GaussianLSS: Toward Real-world BEV Perception with Depth Uncertainty via Gaussian Splatting

๐Ÿ“„ Read on arXiv

Overview

Bird's-Eye View (BEV) perception faces a fundamental trade-off between accuracy and computational efficiency. High-performing 3D projection methods like BEVFormer achieve excellent results but require substantial compute, while efficient 2D unprojection methods like Lift-Splat-Shoot (LSS) struggle with depth ambiguity and robustness. GaussianLSS bridges this gap by incorporating explicit depth uncertainty modeling within the efficient LSS unprojection framework, adapted through Gaussian Splatting.

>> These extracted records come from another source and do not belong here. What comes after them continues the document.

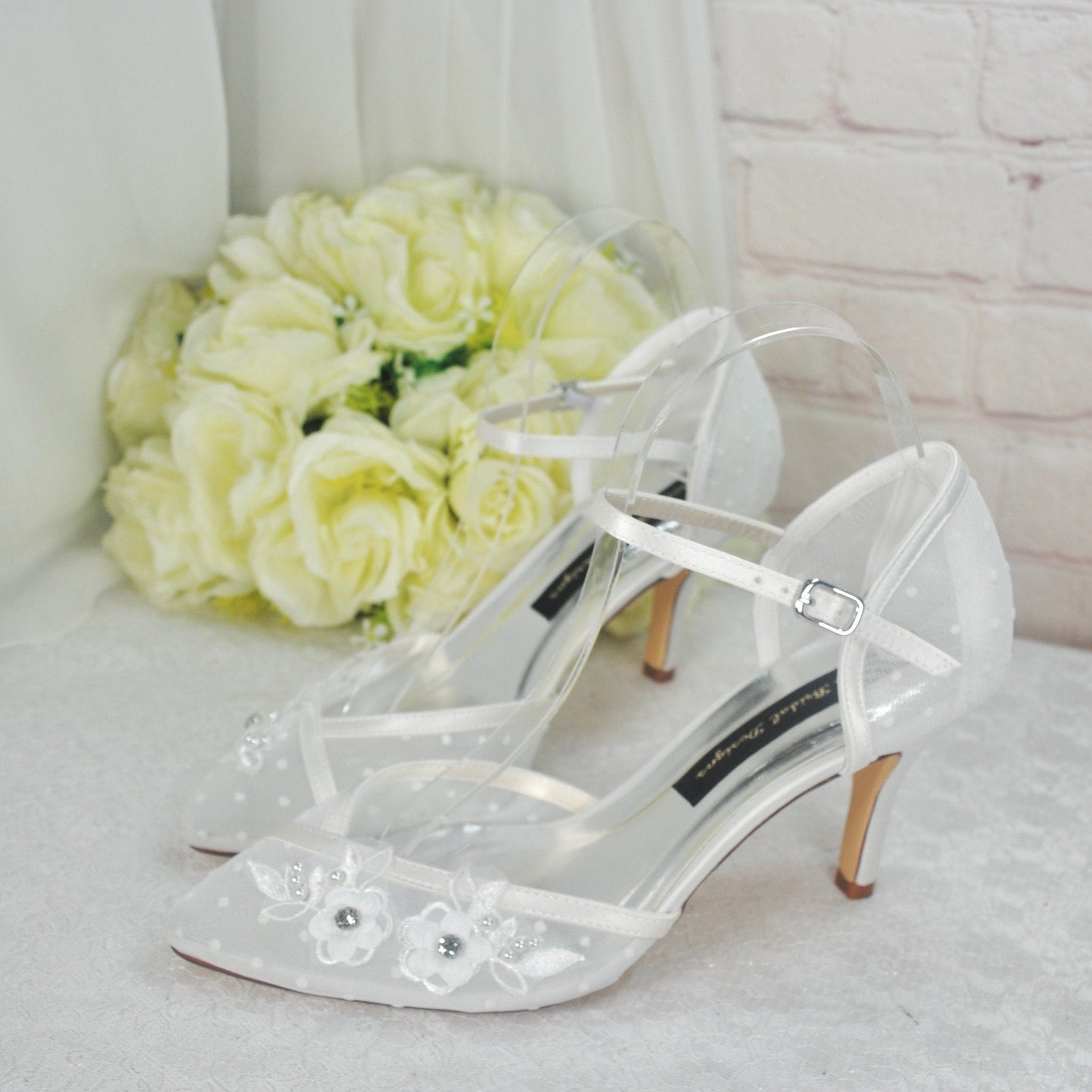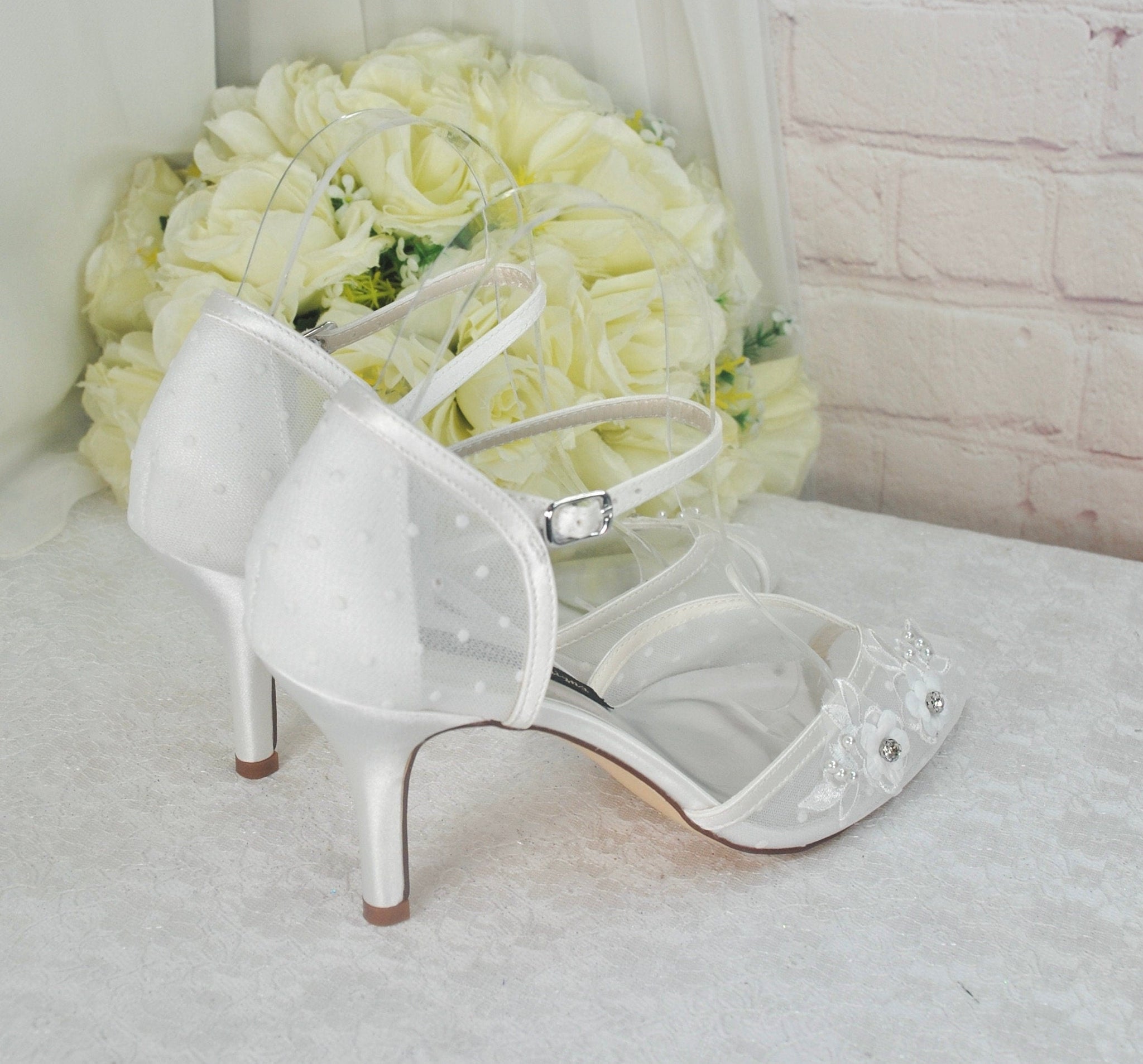 Ivory satin bridal sandals offer elegant comfort and style for your special day, designed to enhance every bride's wedding look while ensuring all-day wearability. These handmade satin shoes feature cushioned soles with wedding shoe padding that reduce foot fatigue, allowing you to celebrate comfortably from ceremony to reception. Crafted by Becci's Bridal Designs, these bridal ankle strap shoes combine delicate hand-beaded floral details with an 8cm heel height, providing the perfect balance of grace and support.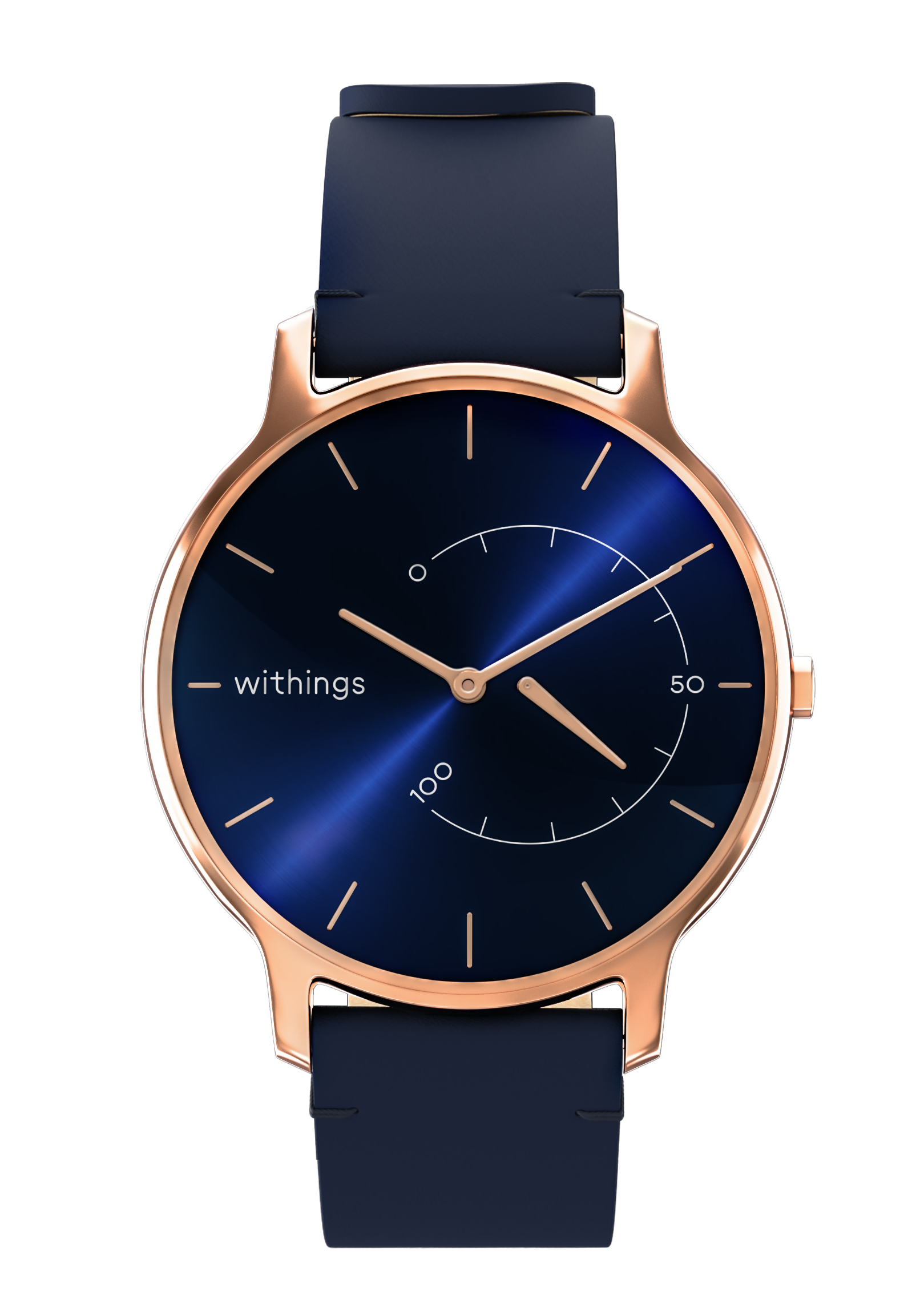 Die withings Move Timeless Chic ist eine schlicht-elegante Hybrid-Smartwatch mit GPS. Das roségoldfarbene Edelstahlgehäuse hat einen Durchmesser von 38 mm und ist bis 5 bar wasserdicht. Zusammen mit dem verbauten Mineralglas bietet es guten Schutz für das Innere der Uhr. Auf dem dunkelblauen Zifferblatt befinden sich zwei roségoldfarbene Zeiger und ein Totalisator mit roségoldfarbem Zeiger, der Aufschluss über den Fortschritt für das Schrittziel gibt.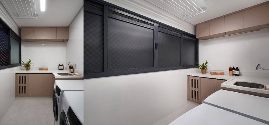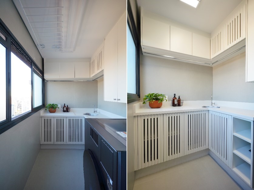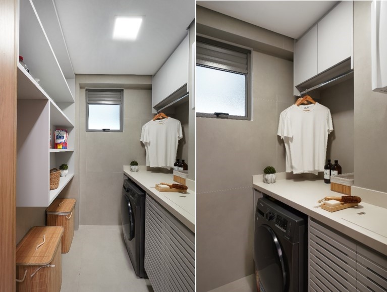 A arquiteta Rosangela Pena afirma que a área disponível não impede o morador de usufruir de um ambiente bem pensado para realizar as atividades domésticas. “Na minha visão, os moradores precisam de conforto para sentirem-se bem quando vão cuidar de suas roupas ou realizar a faxina em casa. Por isso eu digo que a área de serviço precisa ser funcional”, argumenta. Ainda segundo ela, um espaço compacto não é impeditivo. “Muito pelo contrário, o projeto torna-se ainda mais fundamental”, complementa.
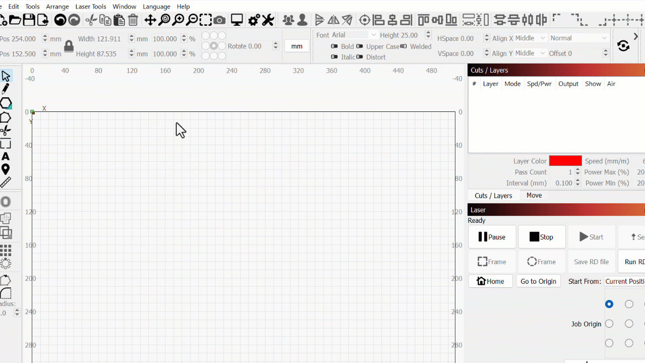 The output location of the test grid in your laser's work area is determined by the Start From mode you select before opening the Material Test Generator window. If you choose Absolute Coords, you'll have additional controls within the Material Test Generator window, but we'll be using Current Position in this guide.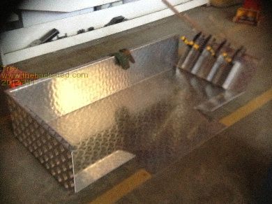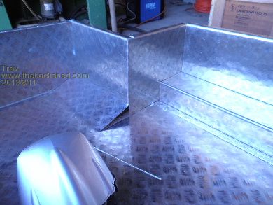 Here are some pictures of the new alloy battery box. It has been changed to alloy so that the box can still be sealed, keeping out dust, water and mud, but is a massive heat sink, letting out any heat generated. So far the highest temperature I have seen is 26 degrees C. The box is made from 3mm alloy checker plate. The hydraulic pan brake I used did not have a deep throat so some sections had to be bent by hand with steel clamped near the bend lines. The box was made up in 4 sections and TIG welded together. Apologies for the poor quality pictures.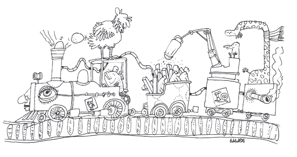 Otro de esos dibujos improvisados que hago a mis hijos cuando quiero que se queden tranquilos mientras esperan la cena. En este caso, un tren un poco loco, con ojos en la locomotora, una gallina que tapona con sus huevos la chimenea, un pez maquinista, patatas fritas en lugar de carbón para alimentar la caldera que se encarga de llevar con una grua un topo ciego y una jirafa resfriada que se disloca el cuello para ver toda esta chifladura. ¡Ah! Y los travesaños de las vías son barras de pan.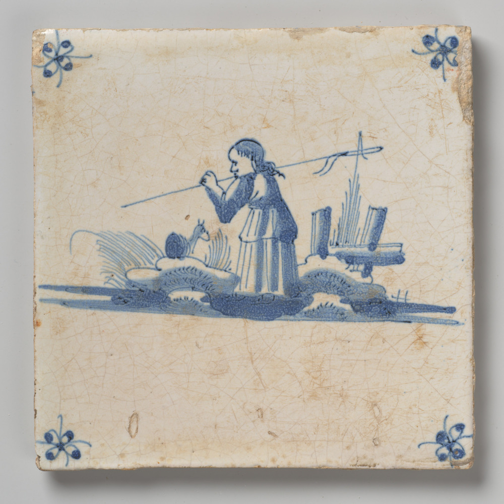 tegel van aardewerk met tinglazuur, voorstellende: h...

The core innovation is treating depth estimation as a probabilistic problem rather than a deterministic one. For each pixel, the network predicts not just a depth value but a full depth distribution, from which both a mean depth and variance (uncertainty) are computed. This 1D depth uncertainty is transformed into a full 3D Gaussian representation with mean and covariance, then projected onto the BEV plane via a novel Gaussian Splatting aggregation that produces dense, uncertainty-aware BEV features.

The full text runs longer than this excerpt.